This Is How We Know DACA Didn't Cause The Border Crisis

Immigrants who have been detained while crossing the border  are housed inside the McAllen Border Patrol Station in McAllen,
Immigrants who have been detained while crossing the border are housed inside the McAllen Border Patrol Station in McAllen, Texas, Tuesday July 15, 2014. A solution for the growing crisis of tens of thousands of unaccompanied children showing up at the U.S.-Mexico border is looking increasingly elusive with three weeks left before Congress leaves Washington for an annual August recess. (AP Photo/Los Angeles Times, Rick Loomis, Pool)

Since October, some 57,000 unaccompanied minors -- the vast majority from Central America -- have crossed illegally into the United States. Many Republicans are blaming the crisis on President Barack Obama’s Deferred Action for Childhood Arrivals program, or DACA, which allows people brought here illegally as children work authorization and relief from deportation. Conservatives say the policy, which newly arrived undocumented immigrants don’t qualify for, has acted as a magnet, pulling young migrants from the violence-plagued and poverty-stricken countries of El Salvador, Honduras and Guatemala.

But there’s virtually no evidence to support this increasingly popular conservative talking point.

Immigration hardliners within the Republican Party have always despised DACA, viewing it as an overstepping of presidential authority and an affront to their enforcement-first attitude. Since the crisis, however, they’ve lashed out with renewed force. DACA is basically an adaptation of Sen. Marco Rubio’s (R-Fla.) idea for a conservative alternative to the DREAM Act. Now, even he says DACA should be rescinded, calling for a policy that basically amounts to deporting more Dreamers.

To make their case, conservatives generally use two arguments. First, they point out that the child migrants often think they’ll be allowed to stay. Second, they say DACA must be responsible for the crisis because the sharp rise in the number of unaccompanied minors crossing illegally roughly coincides with the implementation of DACA in June 2012.

Neither argument holds water.

Conservatives have made much of the fact that those crossing the border are under the impression that once they arrive in the U.S., they’ll receive a “permiso,” or permit.

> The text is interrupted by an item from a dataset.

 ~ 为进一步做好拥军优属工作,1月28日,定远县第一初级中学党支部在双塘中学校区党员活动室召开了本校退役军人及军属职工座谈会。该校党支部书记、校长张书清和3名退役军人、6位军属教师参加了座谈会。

That must mean they’re aware of DACA, Republicans like U.S. Sen. Ted Cruz (R-Texas) argue.

That’s not what journalists who have spoken to migrant families are saying. According to reports from the border, the “permiso” people are referring to is a notice to appear in immigration court.

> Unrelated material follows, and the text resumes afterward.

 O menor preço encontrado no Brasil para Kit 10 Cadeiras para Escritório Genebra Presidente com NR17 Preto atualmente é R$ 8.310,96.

It’s easy to understand how Central Americans may misconstrue the meaning of a notice to appear. Because unaccompanied minors may await their court date outside detention, they are normally permitted to reunite with family members in the U.S. Due to the tremendous backlog in our immigration courts, it could be years before their cases are resolved.

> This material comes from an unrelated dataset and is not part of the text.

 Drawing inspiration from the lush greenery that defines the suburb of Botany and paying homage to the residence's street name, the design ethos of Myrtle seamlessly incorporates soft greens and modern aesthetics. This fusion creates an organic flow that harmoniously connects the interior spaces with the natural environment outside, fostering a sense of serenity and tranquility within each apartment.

The “permiso” phenomenon isn’t new. Operation Streamline, the program that jails immigrants for crossing the border illegally before deporting them, arose out of a similar bottleneck in the immigration system. Around 2004, the Del Rio sector of the Texas border with Mexico ran out of detention bed space for Central Americans, who by law could not immediately be repatriated like Mexicans. According to the California Law Review, Central Americans “began walking up to Border Patrol agents in Eagle Pass and asking for a Notice to Appear, which they sometimes referred to as a ‘permiso’ (or permit).”

That was eight years before DACA, so it’s fairly certain that the policy isn’t behind the “permiso” phenomenon. But what of the fact that that the numbers have risen so sharply since the Obama administration implemented DACA?

It’s undeniable that the numbers have grown. Some 15,700 unaccompanied minors entered illegally in 2011, while more than 57,000 have entered so far this year.

But correlation isn’t the same as causation. A closer look reveals that the upward trend predates DACA.

Vox traces the beginning of the uptick to the fall of 2011 -- more than a year before DACA. By April 2012, several months before the announcement of DACA in June of that year, child migrants were placed in Lackland Air Force base because they had overwhelmed the shelter space available to them.

The fact of the matter is that all the elements were in place for a large-scale movement of Central American kids across the border, with or without DACA. Rising street violence in Central America, along with political instability in Honduras gave people a reason to leave. Previous migratory patterns established since the late-1970s -- first for political reasons, then for economic ones -- meant many Central American youths have family here in the United States. And a hole in our immigration enforcement system was exploited both by families desperate to bring their children here and by human traffickers eager to profit from their predicament.

In addition to being based on a fallacy, the GOP’s call to fight this crisis with more border security would do nothing to solve the problem. These children aren’t a security threat. They’re turning themselves in to U.S. authorities at the border.

Some 550,000 people benefit from DACA today. Because of the policy, they can work in the only country they know as home and can live with a modicum of security, knowing that -- at least for now -- they don’t have to face the perpetual fear of deportation. Conservatives want to take that away, even though there’s no compelling reason to believe it would stem the border crisis or have any other positive effect.